Oleh: Desy Selviana
(Pustakawan)
Naskah kuno "Rapanna Arung Rioloé" menyuguhkan warisan kearifan lokal yang tak ternilai dari masyarakat Bugis-Makassar. Ditulis dalam bentuk pesan-pesan bijak kepada para pemimpin adat dan hakim, teks ini menjadi bukti bahwa hukum adat telah berperan sebagai pilar utama dalam mengatur kehidupan sosial masyarakat Bugis sejak masa lampau.

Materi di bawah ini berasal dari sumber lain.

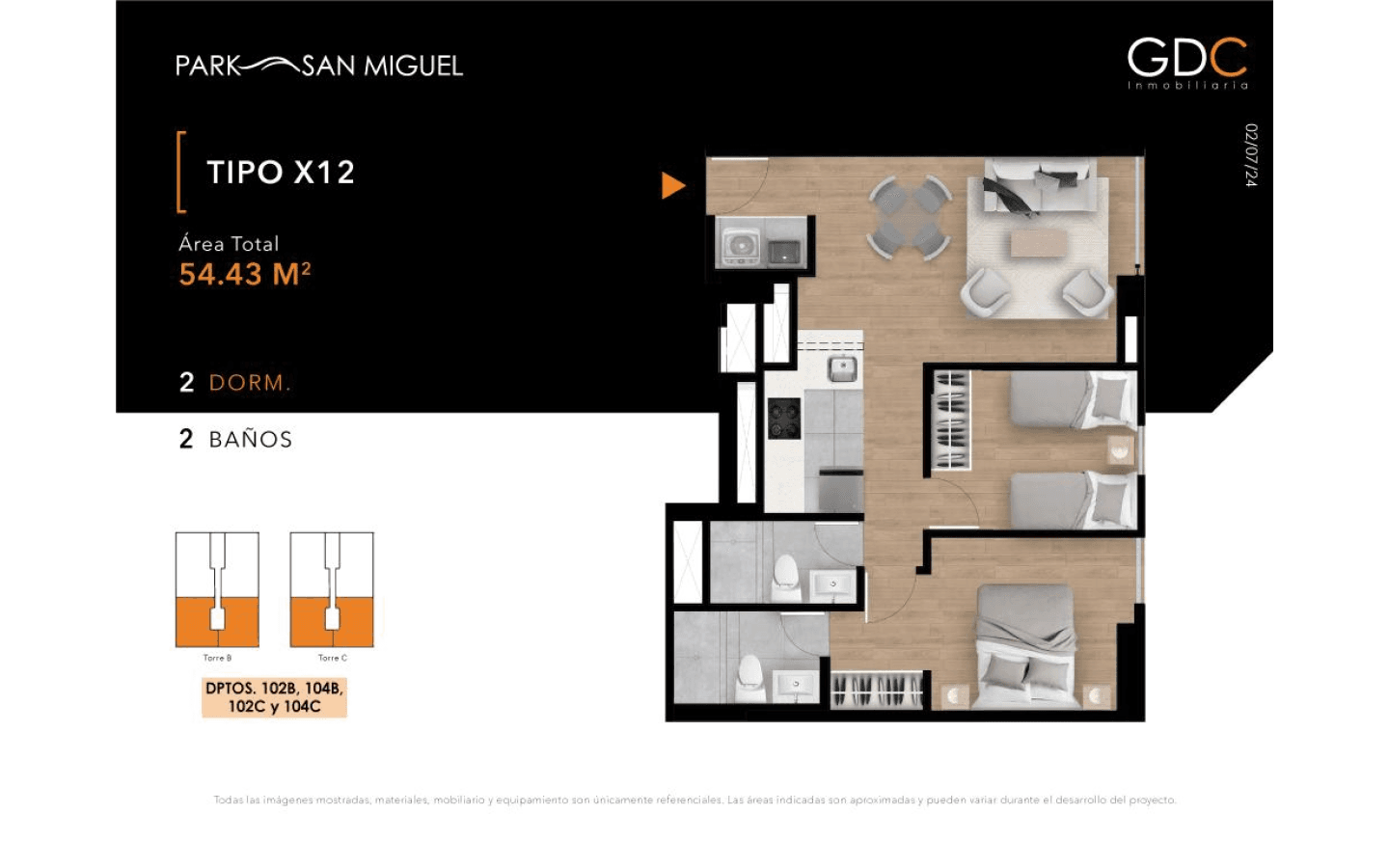 Acogedor departamento flat de 54.43 m² en el piso 1, con 2 dormitorios y 2 baños. Perfecto para parejas jóvenes o inversión.

Hukum adat yang tercantum dalam naskah ini bukan sekadar aturan formal, melainkan panduan moral dan sosial yang berlandaskan logika, keadilan, dan rasa kemanusiaan. Masyarakat Bugis pada zamannya telah menerapkan sistem hukum yang kompleks dan sistematis, lengkap dengan mekanisme pembuktian, pertimbangan saksi, serta aturan tentang tanggung jawab dan hak.
Pembuktian Kasus Sihir dan Racun
Salah satu sorotan utama dalam naskah adalah cara masyarakat Bugis mengadili tuduhan meracuni atau menyantet. Proses pembuktian melibatkan saksi yang terpercaya dari kedua belah pihak—baik tertuduh maupun korban. Jika tertuduh memiliki alibi kuat, maka ia dibebaskan. Namun, apabila korban memiliki saksi yang melihat langsung tindakan mencurigakan, kasus tersebut disidangkan dengan serius.

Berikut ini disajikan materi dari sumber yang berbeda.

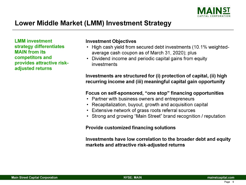 mainstcapital.com NYSE: MAIN Main Street Capital Corporation Page 8 $8.00 $10.00 $12.00 $14.00 $16.00 $18.00 $20.00 $22.00 $24.00 $26.00 $0.20 $0.30 $0.40 $0.50 $0.60 $0.70 $0.80 2008 2009 2010 2011 2012 2013 2014 2015 2016 2017 2018 2019 2020 NAV Per Share DNII and Dividends Per Share Monthly Dividends DNII per share NAV per share $0.00 Recessionary Period Historical Monthly Dividends, Net Asset Value (“NAV”) and Distributable Net Investment Income (“DNII”) Per Share MAIN’s unique focus on equity investments in the Lower Middle Market provides the opportunity for significant NAV per share growth MAIN’s efficient operating structure provides significant operating leverage, greater dividends and greater overall returns for our shareholders • In addition to monthly dividends above, $4.04 per share of supplemental dividends have been paid since 2013 • Annual return on equity averaging approximately 12.5% from 2010 through the first quarter of 2020 2007 207 2007

Pendekatan ini menunjukkan bahwa masyarakat Bugis telah memahami pentingnya asas praduga tak bersalah dan pembuktian yang adil, bahkan dalam kasus yang sarat dengan unsur mistik.
Tentang Kepemilikan dan Harta Raja
Naskah juga menyoroti betapa sakralnya harta benda milik raja. Barang yang dicuri dan kemudian ditemukan kembali dapat menjadi dasar hukuman berat bagi pencuri. Harta raja, bahkan yang tampak sepele seperti jarum rusak, tetap dianggap tak ternilai harganya. Hanya raja yang memiliki wewenang untuk memberikan pengampunan.